• The problem
Lines from the one with "Кисти из волоса" through the end of the records, and no others, are what the answer should contain, copied exactly; please keep pictures out.

• Excerpted records
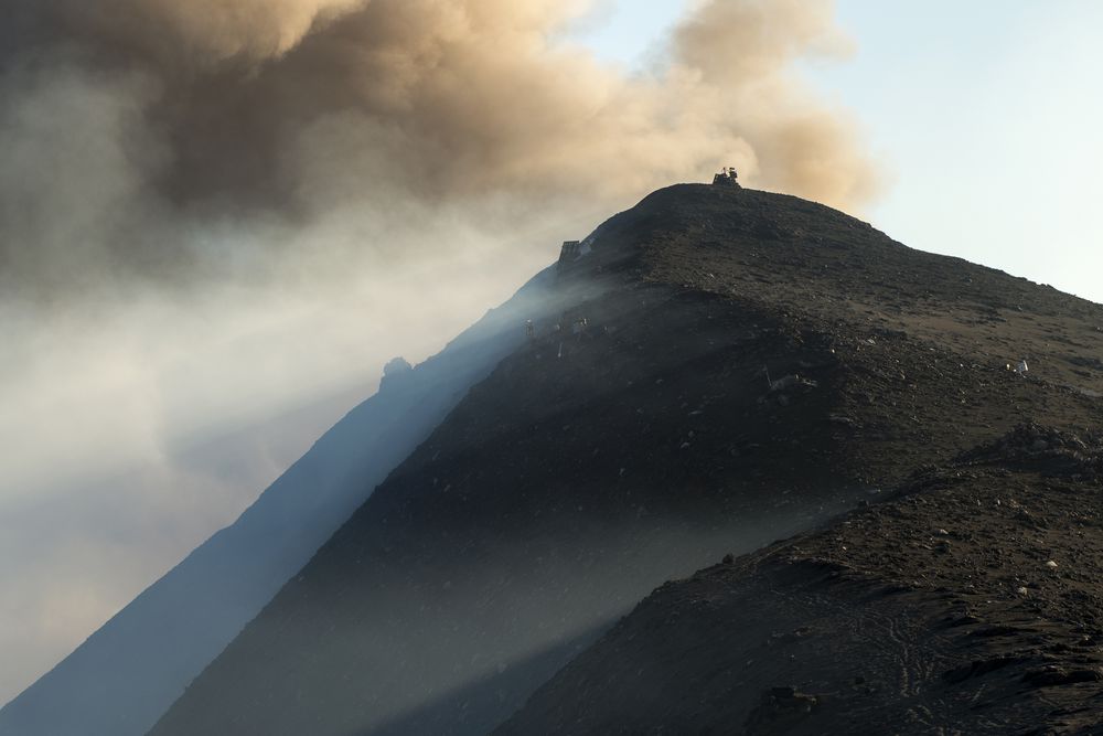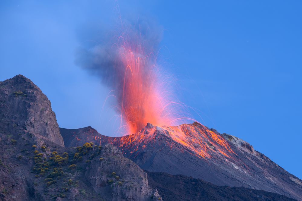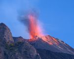 Clouds of smoke rose as ash and cooled lava flows color the rough mountain slopes black. The Italian Lipari island of Stromboli and its constantly active eponymous volcano attracts adventurous and nature-loving people to the rugged landscape.
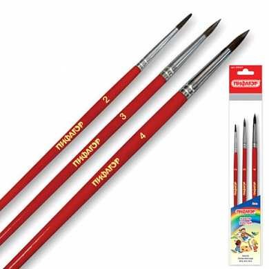 Кисти из волоса пони отлично впитывают и отдают краску, хорошо держат форму, долговечны и надежны. Благодаря кистям № 2 и 3 ребенку будет комфортно прорисовывать мелкие детали. Кисть № 4 позволит делать более крупные мазки и линии. Деревянную лакированную рукоятку кисти удобно держать в руке.
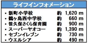 | 学区 | 小学校区:新町小学校 1,620m 中学校区:鶴ヶ島西中学校 660m |
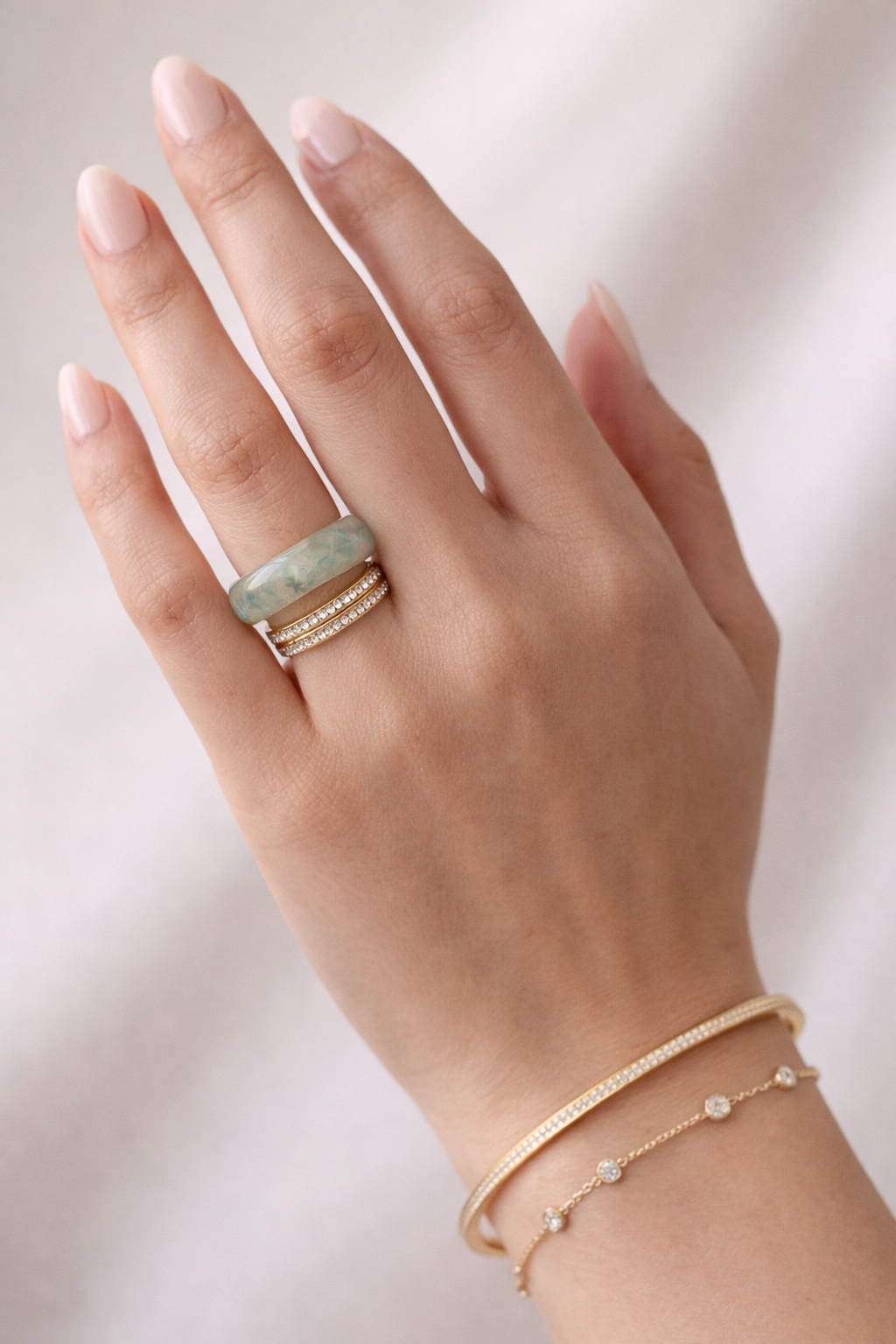 Product photos are taken under professional studio lighting. Due to natural jade characteristics and lighting conditions, color may appear slightly different in person.
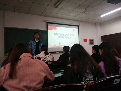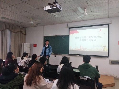 2018年11月13日下午13:40,数统学院第八期发展对象培训班班主任柳映堂老师在理科楼A-419举行了“第八期发展对象培训班开班仪式”。培训班班长郭银方、负责人肖璐以及全体发展对象参加该开班仪式。

• Result below
 Кисти из волоса пони отлично впитывают и отдают краску, хорошо держат форму, долговечны и надежны. Благодаря кистям № 2 и 3 ребенку будет комфортно прорисовывать мелкие детали. Кисть № 4 позволит делать более крупные мазки и линии. Деревянную лакированную рукоятку кисти удобно держать в руке.
 | 学区 | 小学校区:新町小学校 1,620m 中学校区:鶴ヶ島西中学校 660m |
 Product photos are taken under professional studio lighting. Due to natural jade characteristics and lighting conditions, color may appear slightly different in person.
 2018年11月13日下午13:40,数统学院第八期发展对象培训班班主任柳映堂老师在理科楼A-419举行了“第八期发展对象培训班开班仪式”。培训班班长郭银方、负责人肖璐以及全体发展对象参加该开班仪式。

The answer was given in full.